ECLI:NL:CRVB:2016:2206
Centrale Raad van Beroep
- Hoger beroep
- H.J. Simon
- Rechtspraak.nl
Beoordeling van de hoogte van het AOW-pensioen en de gevolgen voor de Algemene Kinderbijslagwet
In deze zaak heeft de Centrale Raad van Beroep op 15 juni 2016 uitspraak gedaan in hoger beroep tegen de uitspraken van de rechtbank Amsterdam. De appellant, woonachtig in Marokko, had eerder een uitkering op grond van de Wet op de Arbeidsongeschiktheidsverzekering (WAO) ontvangen, maar kreeg per juli 2012 een AOW-pensioen toegekend. De hoogte van dit pensioen was vastgesteld op 20% van het maximale AOW-pensioen voor gehuwden en 38% van de maximale toeslag. De Sociale verzekeringsbank (Svb) had in een beslissing op bezwaar medegedeeld dat appellant met ingang van het derde kwartaal van 2012 geen recht meer had op kinderbijslag, omdat hij niet voldeed aan de voorwaarden van de Algemene Kinderbijslagwet (AKW). De rechtbank had de beroepen van appellant ongegrond verklaard.
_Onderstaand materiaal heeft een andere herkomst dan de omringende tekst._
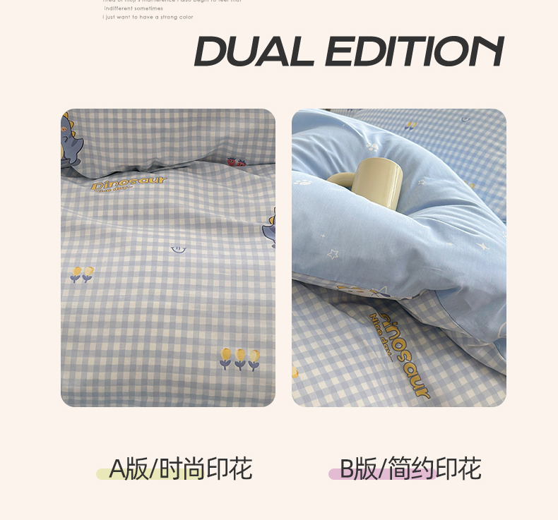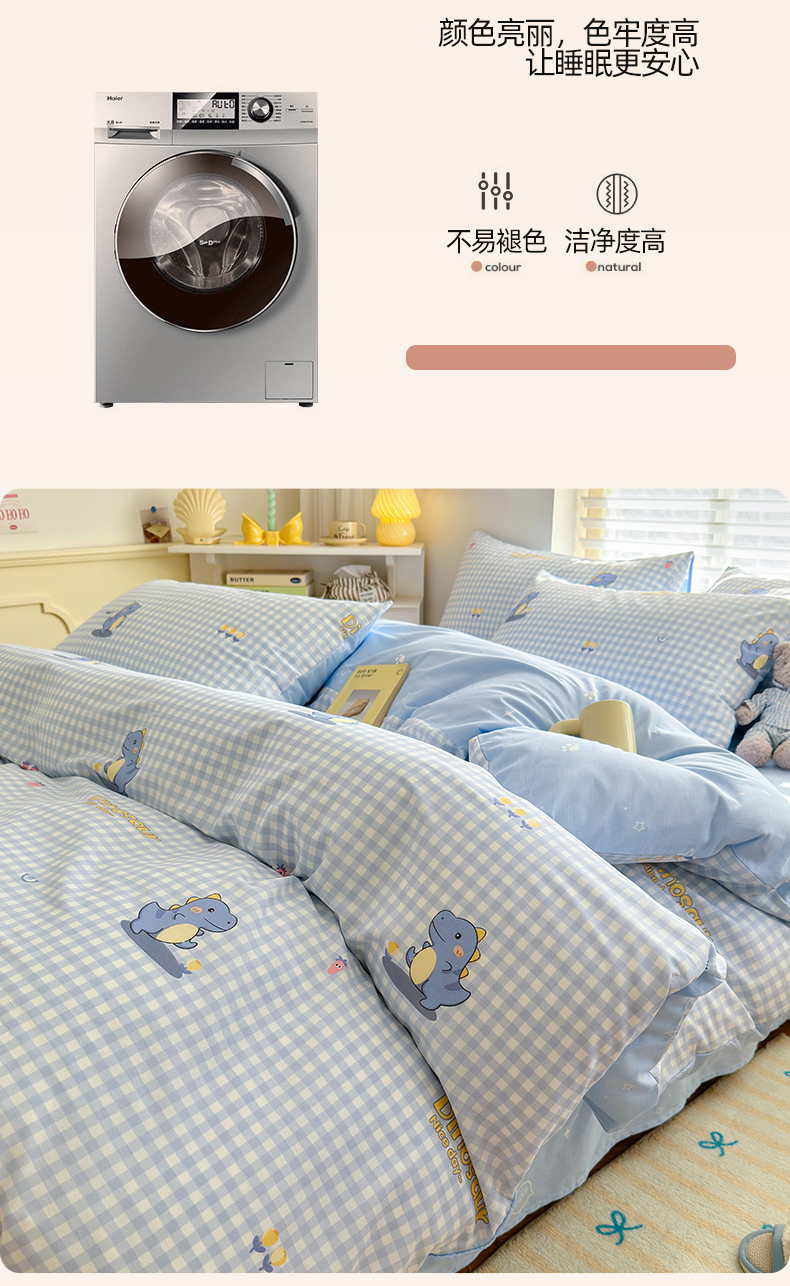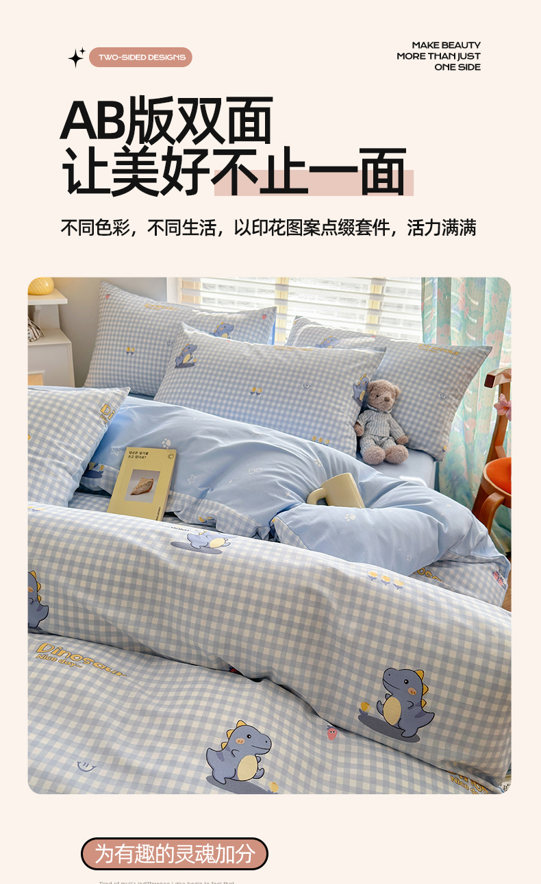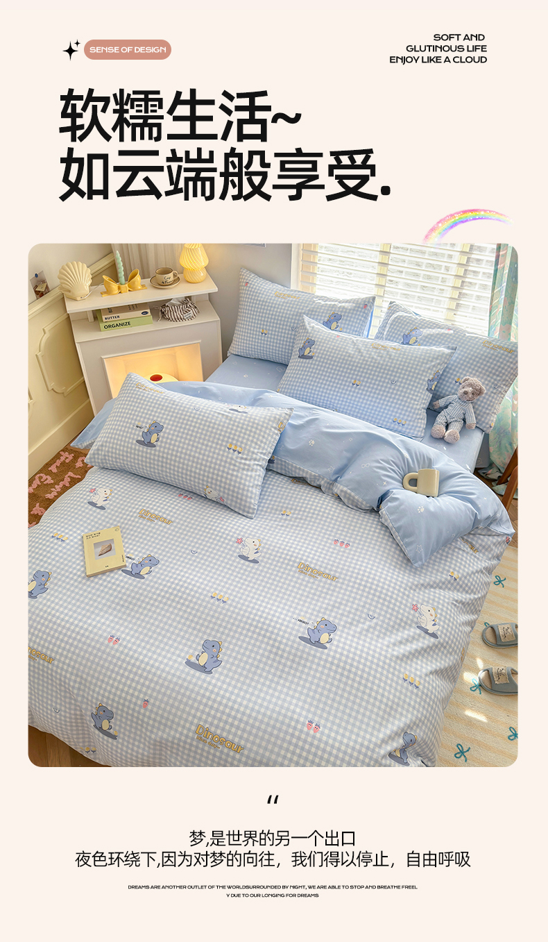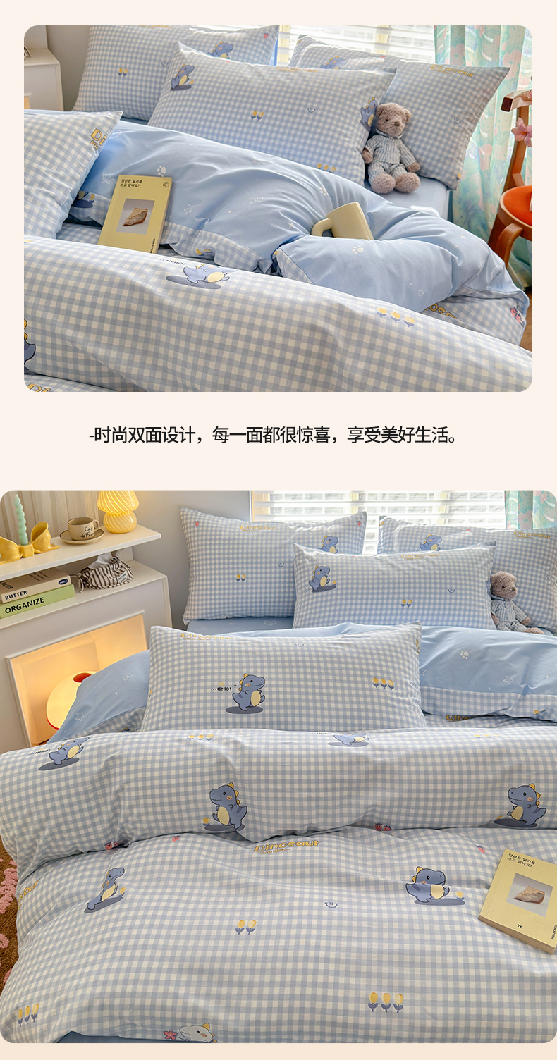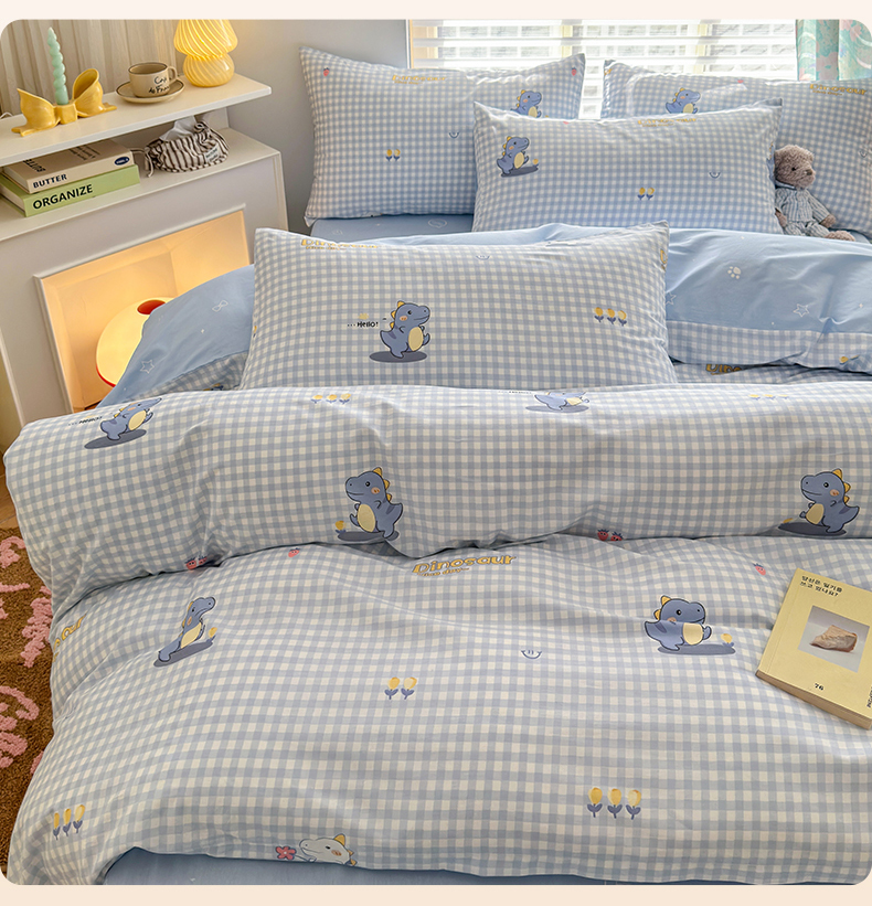 当前位置: 91家纺网 > 商品网购 > 床品套件 > 四件套 > 全棉普通四件套 > 名兮家居 2025年新款13372全棉印花四件套-卡通系列 格子恐龙
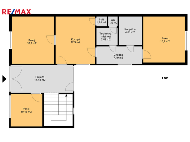 V přízemí o celkové výměře 96 m2 se nachází také další pokoj mimo byt č. 1 a společná vstupní chodba.
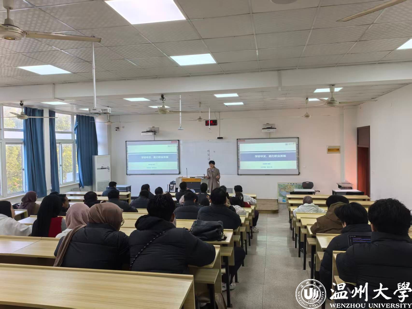 为青山班学员举办“学好中文,助力职业发展”专题讲座。本次讲座由林爱菊教授主讲,聚焦汉语学习与职业发展的核心关联,为学子们明确学习方向、夯实职场基础。
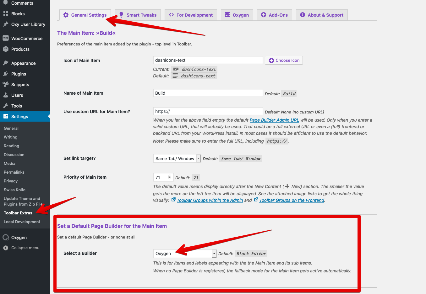 - In Toolbar Extras settings set Oxygen as your default "Page Builder", set optional background color of Toolbar etc.
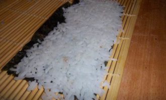 • На край циновки положить лист нори и влажными руками выложить суши-рис.
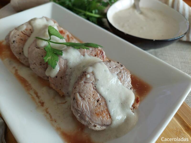 Para una presentación elegante, coloca los solomillos de cerdo en platos individuales, cúbrelos con la salsa y decora con perejil fresco picado. Acompaña con tus guarniciones favoritas, como puré de papas o verduras al vapor. Esta receta es ideal para ocasiones especiales o cuando deseas impresionar a tus invitados con un plato sabroso y sofisticado.

In hoger beroep herhaalde appellant dat hij meer jaren in Nederland had gewoond en gewerkt dan de Svb had aangenomen en dat hij met zijn AOW-pensioen niet rond kon komen. De Svb had echter inlichtingen ingewonnen bij verschillende instanties, waaronder de gemeente en pensioenfondsen, maar geen aanvullende informatie over appellant kunnen verkrijgen. De Svb concludeerde dat appellant slechts verzekerd was voor de AOW in de periode van 19 februari 1990 tot en met 31 december 1999. De rechtbank bevestigde dat de hoogte van het AOW-pensioen correct was vastgesteld en dat appellant niet voldeed aan de voorwaarden voor de AKW, aangezien hij geen uitkering van ten minste 35% van het voor Nederland geldend minimumloon ontving.
De Centrale Raad van Beroep bevestigde de uitspraken van de rechtbank en oordeelde dat appellant met ingang van 1 juli 2012 niet langer verzekerd was voor de AKW en dus geen recht op kinderbijslag had. De beslissing werd openbaar uitgesproken op 15 juni 2016, en partijen hebben de mogelijkheid om binnen zes weken beroep in cassatie in te stellen bij de Hoge Raad der Nederlanden.